Republicans argue that the bill is necessary because the Obama Administration has refused to provide information about usage of healthcare.gov and enrollment in new health insurance plans. Heritage Action notes that the bill is "designed to increase transparency in the operation of American Health Benefits Exchanges" in response to security and transparency failures, but believes "the only acceptable solution is to repeal the law entirely and replace it was a market-based, patient-centered alternative."

Some Republicans have also asked for additional information related to Obamacare that is not required in this bill. These Republicans are asking for information about the number of people who have actually paid their first monthly bill and to what degree the enrollees are young, healthy people, versus those who will likely need medical care.

One provision of the bill requires that a list of healthcare navigators be provided, with contact and affiliation information. This is a response to criticism that some navigators have been encouraging people to lie on their enrollment forms to get better deals.

Senator Lamar Alexander, who introduced similar legislation in the Senate, argued in favor of the bill.

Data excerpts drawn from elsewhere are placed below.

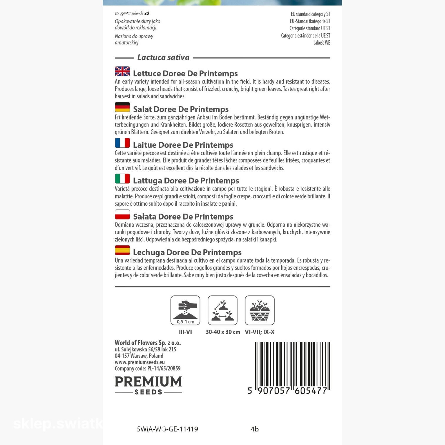 Wybierając nasiona w Sklepie Świat Kwiatów, zyskujesz gwarancję jakości i świeżości. Każda partia nasion jest dokładnie testowana w warunkach laboratoryjnych, aby zapewnić wysoką zdolność kiełkowania. Dzięki starannemu pakowaniu w odpowiednich warunkach wilgotności i temperatury, nasiona trafiają do Ciebie w idealnym stanie. Sklep oferuje szybą wysyłkę, fachowe doradztwo i wsparcie w doborze odmian. Kupując u nas, wybierasz sprawdzone źródło, które od lat cieszy się zaufaniem ogrodników w całej Polsce. Doree de Printemps z pewnością stanie się ozdobą Twojej grządki i źródłem zdrowych, smacznych liści dla całej rodziny.
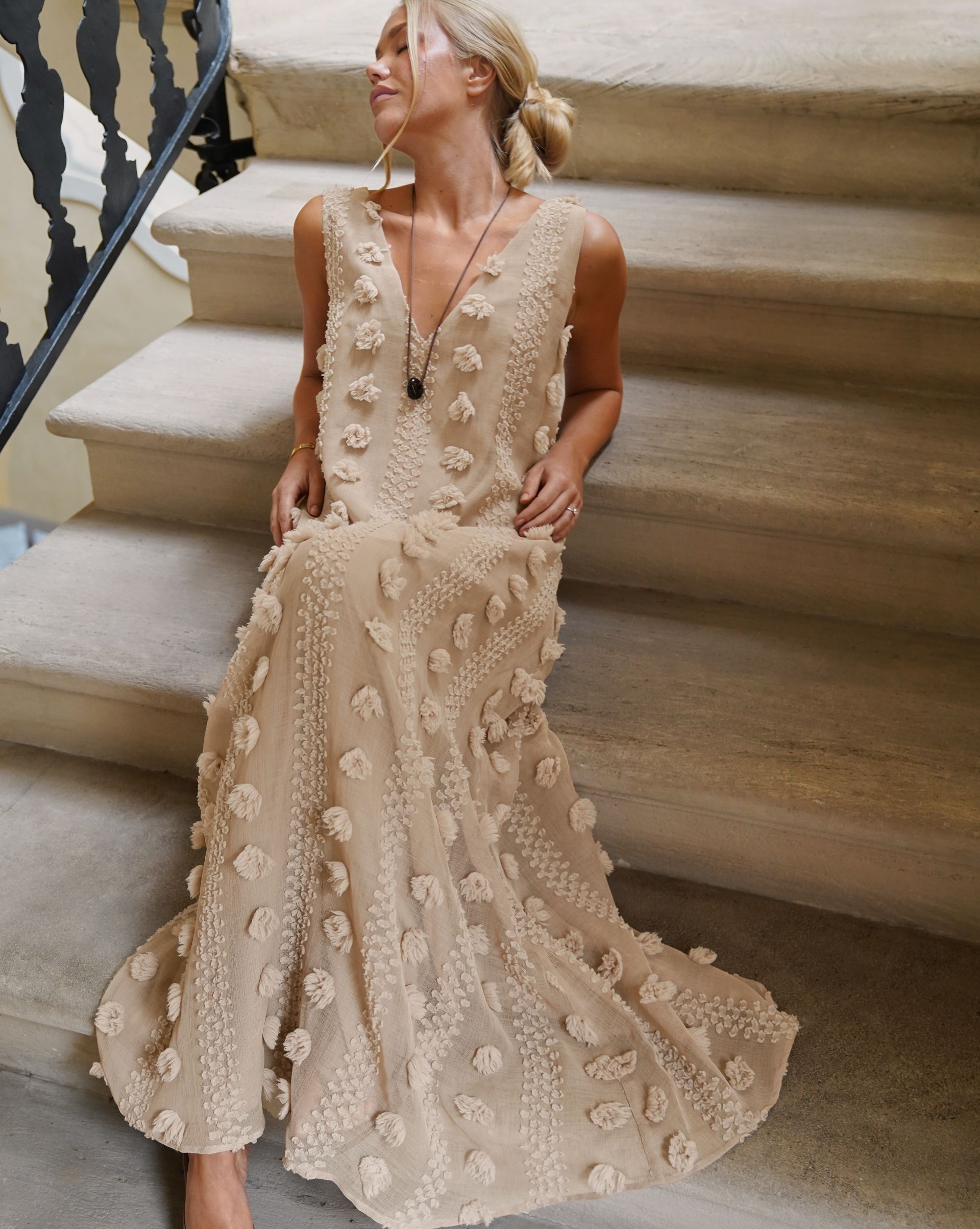 Detta speglas i hennes preferens för rena linjer och mångsidiga basplagg – med andra ord plagg du kan återvända till om och om igen. Tänk upphöjda basplagg som flödande maxiklänningar och avslappnade linnebyxor som enkelt rör sig mellan olika tillfällen.
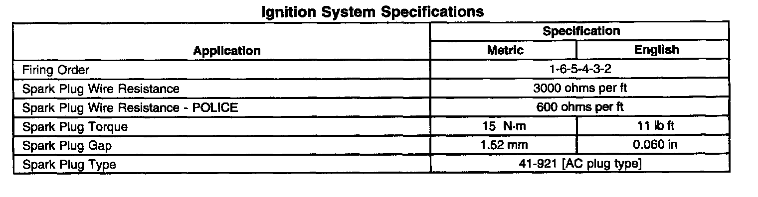 Ignition System Specifications:
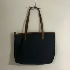 Good Condition Michael Kors Nylon Navy Tote Bag Leather Straps Zipper Closure Outside and Inside Four Pockets Inside 16” Wide 13” Height. Pre-Owned
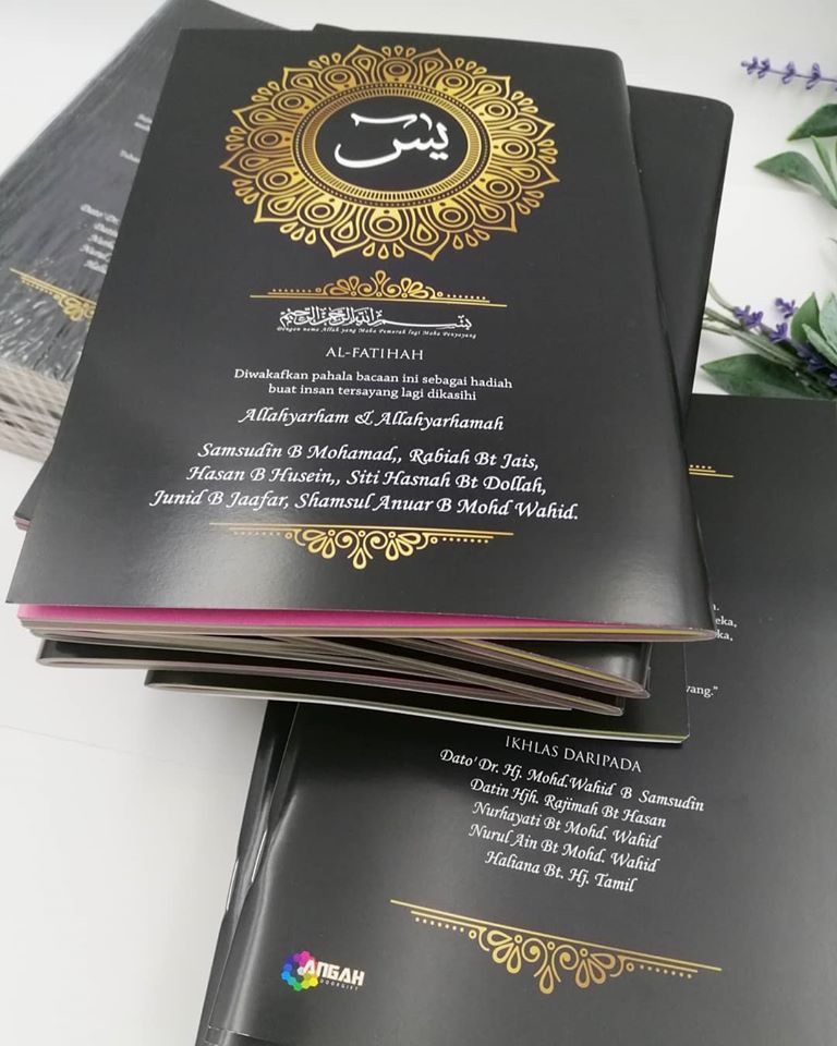 Untuk tempahan buku yasin custom, anda boleh terus click di sini atau whatsapp kami di 0192520041, atau terus ke showroom kami dengan waze: Angah Doorgift And Printing Sdn Bhd.
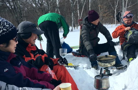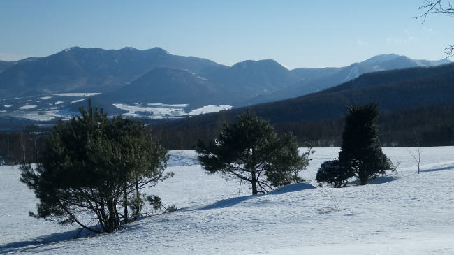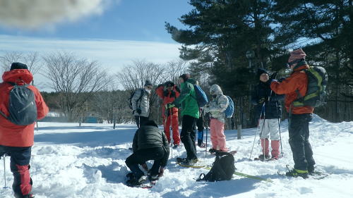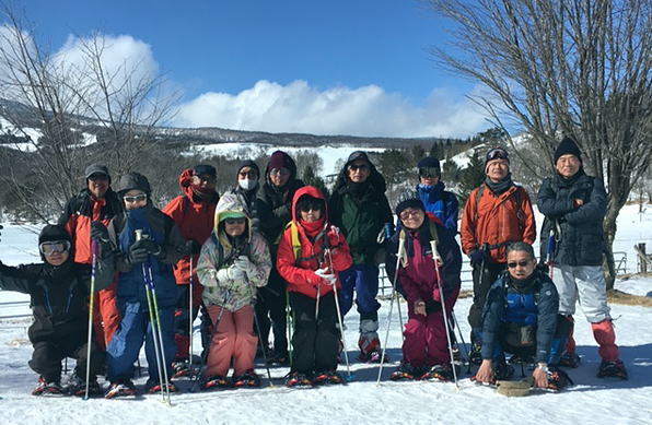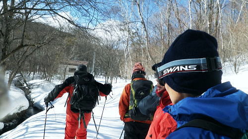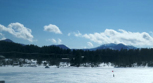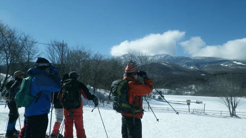 OB親睦山行Top 春季OB親睦会Ⅳ・・パルコール嬬恋スキーリゾート ルーナ前で解散前にて.2月19日9:00 四阿山東麓.パルコール嬬恋スキーリゾート「コテージ・ら・ルーナ」18時集合. 2017年02月18~19日 m.見城.田中.池田.松村.鈴木(輝).工藤.田島.立松.吉武.石戸.宇塚.高橋.石田.児玉.加波.鈴木(俊).河原.青山.立松.中川 ・・20名参加.OB会々長.工藤 上信越自然歩道と草津高原ゴルフ場 四阿山東麓.バラギ湖周回・・OB親睦会・八ッ場ダム本体工事現場 パルコール嬬恋スキーリゾートからバラギ湖周回 湖畔に下り.14:00昼食風景 バラギ湖南岸で昼食.12:302月18日(土).快晴 スパックス草津10:25=草津道路.長野街道144号=日帰り入浴「バラキ温泉.湖畔の湯」=11:00パルコール嬬恋スキーリゾート「コテージ・ら・ルーナ」 渋川ICより約62km.碓氷軽井沢IC約50km 「コテージ・ら・ルーナ」12:00=バラギ湖.昼食13:25一15:20「コテージ・ら・ルーナ」.h2 12時集合に合わせゆっくりスパックス草津をでる。今朝は太平洋沿岸を長い前線が通過したため.気温を急激に落している。 長野街道に戻り右折.嬬恋への長野街道に入ると道路伝いの温度計は-1℃を示し.快晴で風は強い。浅間山を正面に見て.右手に回り込むと嬬恋へ。 一度コテージに入り.全員が集合したところで.スキー組とスノーシュ組に分かれ.各々が夕方まで楽しむ。バラギ湖組はバスを出して頂き.湖畔にて昼食を摂っている。 昼食風景2朝方,T君から雪のテーブルを作ると連絡が入った通り.湖畔南岸の雪原に立派なテーブルが作られていた。ただ風強く足元でコンロを点す。 時間は十分ある。オデンに焼酎が回され.ゆっくり昼食を摂り.雪上の雰囲気を味わってから散策に出掛けている。 昼食風景3 昼食風景4バラギ湖南畔 初めての者も多いスノーシュ取り付け風景.13:25登山靴 前山行は1/29日.東京近郊の御前山に出向く直前.明け方に雪山用に使用している皮登山靴ハンワグの靴底が剥がれるアクシデントが起きる。 張替をアートスポーツにお願いしたが間に合わず.長靴よりよいと慌てて布製のカスパ登山靴を活用している。その時使用しのがアートスポーツの大袋2枚。 5月14日に学内で行われた2016年度RHC定例総会の事業報告書が6月に送られてきた。 その中にs51年度卒の石田君の親睦スキー「スノーシュ編バラキ湖周辺」の紀行も添えてある。その中の文章を抜粋すると。 「・・立松さん夫婦により男子Pと女子Pにそれぞれ分かれ周遊を始めました。サクサクと雪を踏みしめて歩く感覚が何とも云えませんね~。 噴煙を上げる雄大な浅間山を望み.空は真っ青で.真っ白な雪面. みんなのカラフルなウェアーのコントラスト。(そういえば松村さんが足首にスーパー? のビニール袋みたいの細引きで巻いていましたがスパッツですか? 変に浮いていましたけど。松村さんだから何も言えませんでした。」 途中・・とのこと。 結果的には長く歩くには長靴より楽で安定していた。スパッツをビニール袋の上に被せると見栄えはよいが.ビニールの摩擦で不安定さを増し.ズリ落ちている。 又風体もウェアーがカラフルなため目立たぬと思っていた。それは私が考えるほど甘くなかった。一言.言ってもらえば何でも答えたのだが。 この靴は2005年07月に購入。11年10月からは積雪用と無雪期とに分けて使用している。 まだ靴本体は崩れず確りしているため.゙アテックスとビブラムを張替をお願いした。 それが遅れ.オーバーシュズの如く厚手のビニール袋を工夫し.2本のゴムバンドで締め.スノーシュに対応している。・・・真新しい登山靴.2014年04月 北岸の万座方面 湖畔を右回りに周回左手が黒湯山2007.1m. 中央が万座山1994.4mで右麓の斜面が万座温泉スキー場。 万座山の右手鞍部が山田峠になり.右肩奥に小さく煌めく白銀は横手山だろう。 バラギ湖は四阿山東麓のバラギ高原,標高1400mにある周囲約2kmの湖。無印良品による管理釣り場がある。 又高原キャベツの産地としても知られる妻恋村にあり.上信越国立公園の一角を占め.浅間山.四阿山.本白根山などの山々に囲まれる高原地帯。 亜寒帯湿潤気侯に属し.村の規模はほぼ山手線内の大きさで.人口は約5千人。 この湖畔の東半面は例年では氷穴のワカサギ釣りが行われている管理釣場。 釣果残念ながら例年に比べ低調過ぎ.一週間前の2/12日を持って閉鎖されている。例年ならば3/中旬まで営業していると云う。 先輩宅に泊ることになり.時間をつぶすにはワカサギ釣りは.もっともよい機会に恵まれている筈だった。宴では天婦羅の肴にもなる。 明日,昼頃まで半日穴釣りをしていれば丁度よい時間に新居に着き.和気あいあいと楽しめただろう。 HPによると試釣という形で釣りをすることができるが.それも惨い話だった。 フィシングエリア.(フライ.ルァー.テンカラ.餌釣り)対象魚・・レンボートトラウト.ブラントラウト.イワナ.ヤマメ(自然繁殖)は無印食品.キープは日時.券により15~2匹. 西岸の四阿山方面 右手がパルコール嬬恋スキーリゾートで裾が宿泊地.4:10今朝は昨日とは比べものになら
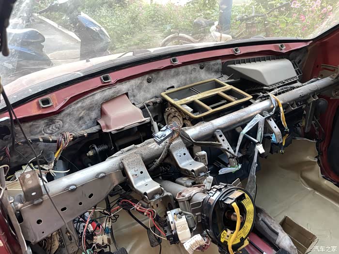 拆掉后的样子,都是灰,好像进过沙漠似的,正好顺便清理下。方向盘和横梁连接着,不好拿下右边空调总成,所以还得拆方向柱,下面四颗螺丝,老紧了,看下图
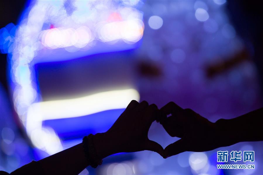 2月12日,市民在观看灯饰时做出桃心的手势。当日,为迎接情人节,澳门特区政府旅游局在氹仔龙环葡韵圆形剧场为“2016浪漫情人节之光影童话梦”光雕表演举行开幕礼。据了解,本次光雕表演将持续到2月29日。新华社记者 张金加 摄
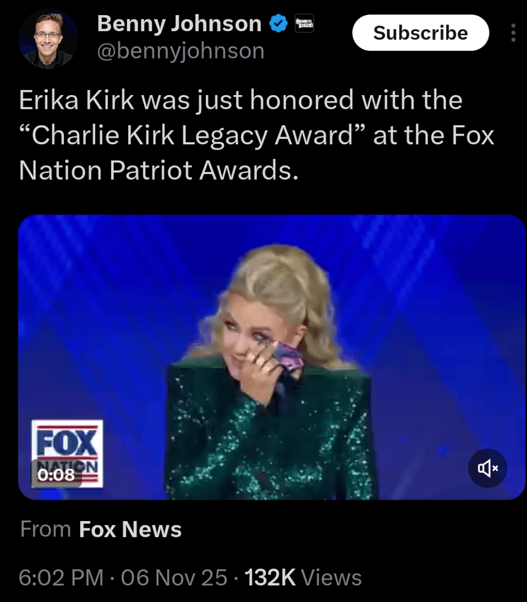 “Erika, you are receiving this award in recognition of you fucking JD Vance to save him from his heathen wife.”
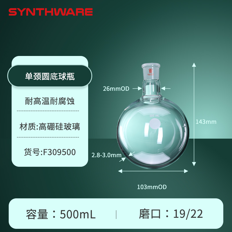 单颈圆底球瓶,厚壁高强度,磨口:19/22,500ml F309500
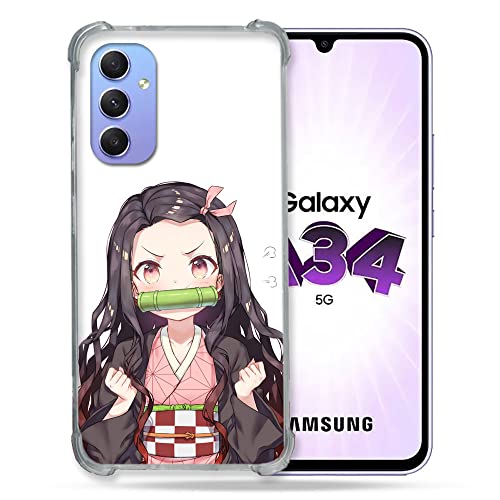 Cokitec Förstärkt härdat glas fodral för Samsung Galaxy A34 5G Manga Demon Slayer Nezuko
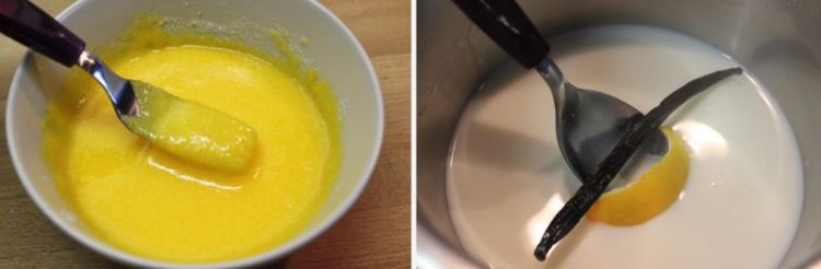 -Al calentar la leche, intentaremos que no llegue a hervir. El calor que alcancemos es suficiente para infusionar correctamente la vainilla y la cáscara de limón. Lo haremos fuera del fuego y sin prisas.
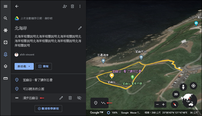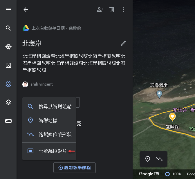 如果你想在地點上標示路徑或某些位置的形狀,可以使用「繪製線條或形狀」。並且新增為簡報的一部分。
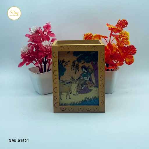 Artistic Wooden Pen Holder with Traditional Print - 9x9.5x14 cm
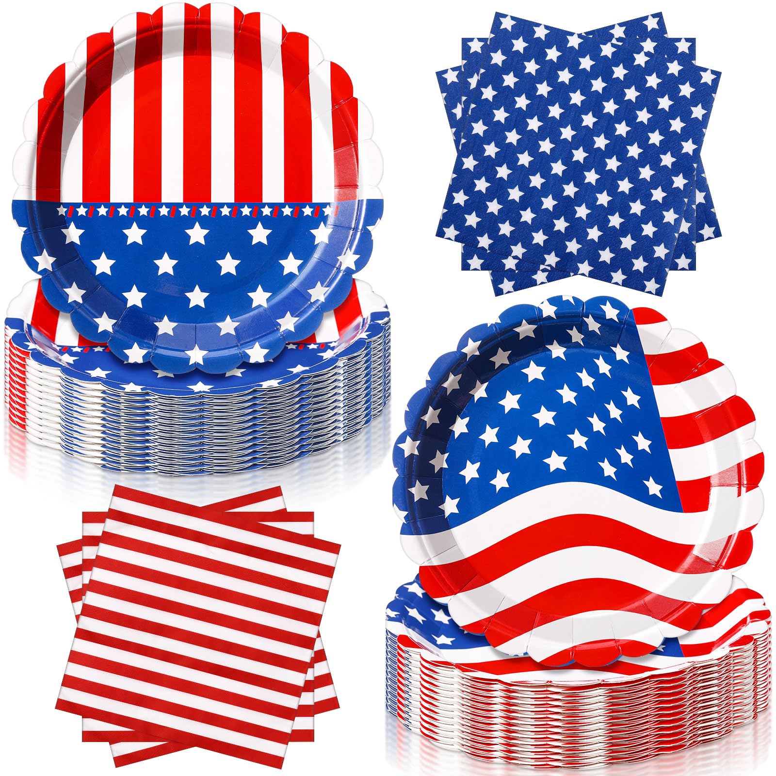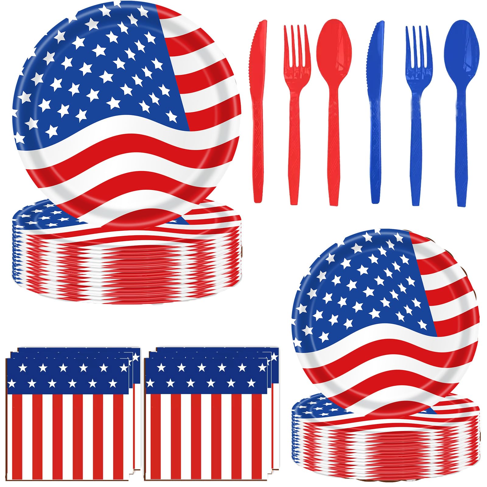 Juego de 80 piezas de vajilla patriótica del 4 de julio, vajilla desechable de la bandera estadounidense con platos de papel con p
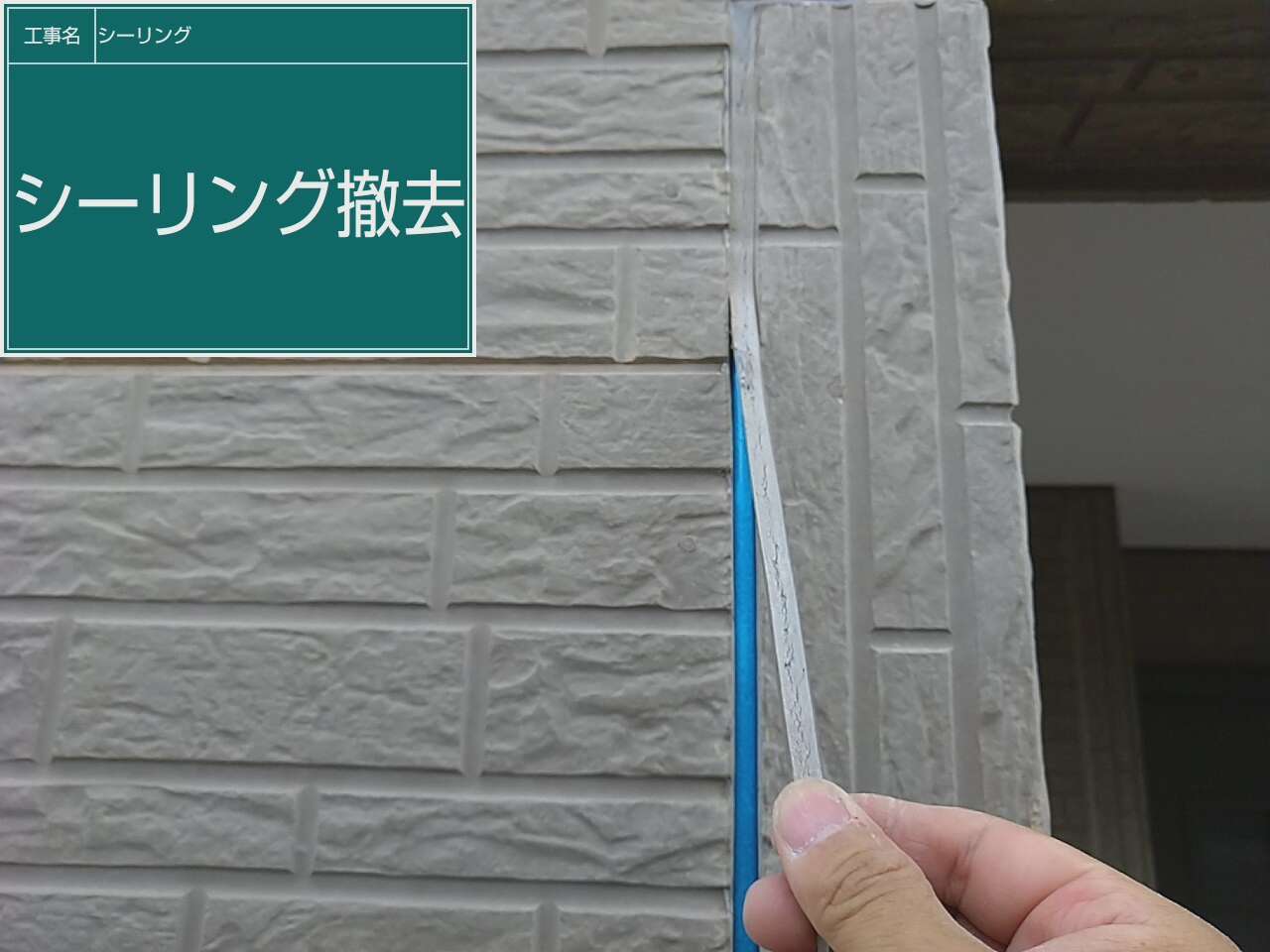 目地の既存のシーリングを撤去していきます。撤去はカッターなどを使用しています。

Alexander noted that "with WikiLeaks and Edward Snowden spilling our beans every day, what's happening on the Obamacare exchanges is the only secret left in Washington... the National Security Administration should learn some lessons from Secretary Sebelius."

Washington Post columnist Greg Sargent wrote that the vote on the Exchange Information Disclosure Act would "be partly about reassuring the base that GOP leaders are still taking the fight to Obamacare, dammit!!!" Sargent argued that the bill was "a political attack coming from a party that wants to see the law fail," even if some people would be interested in the actual data.